What you really need is a language that catches the AI's mistakes. You need strong compilers and strict types (like #Rust or #Scala) to act as safety nets when the AI messes up.
This article changed my perspective

Alexandru Nedelcu
Boring Tech May Become Irrelevant TechOn programming and personal projects
First, it is based on false premises like "the cost of refactoring goes to zero", etc. Second, it is just wrong.
Assuming that AI would be used more for writing code at larger scale (this assumption would not necessary hold, we'll see) you need a readable language because you need to review the AI's PRs. If AI would be writing "10x" more code, you have 10x more code to review.
Type checking and good linting is always helpful, but for a different reason. C'mon, if you don't believe AI can write a syntactically correct code, or get the types right, how could you trust it to get the logic correctly..? That's the harder part that you need to verify, so you need a easily readable language (especially for juniors) for that.

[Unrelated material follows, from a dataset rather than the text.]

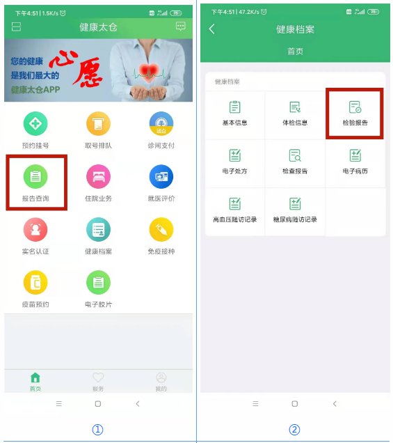 1.线上查询 通过“健康太仓”APP,可查看核酸检测报告。

If you write a code in a language that has good static analysis tools and type checker, like Rust, it is often the case that "if it compiles, it works" because you start with good understanding of logic, so when you translate it to a coherent code, it auto-validates itself to some degree. AI only mimics reasoning, so you can never trust it in getting the logic right. It can easily write a syntactically valid code that does not have any sense, from my experience, it very often does.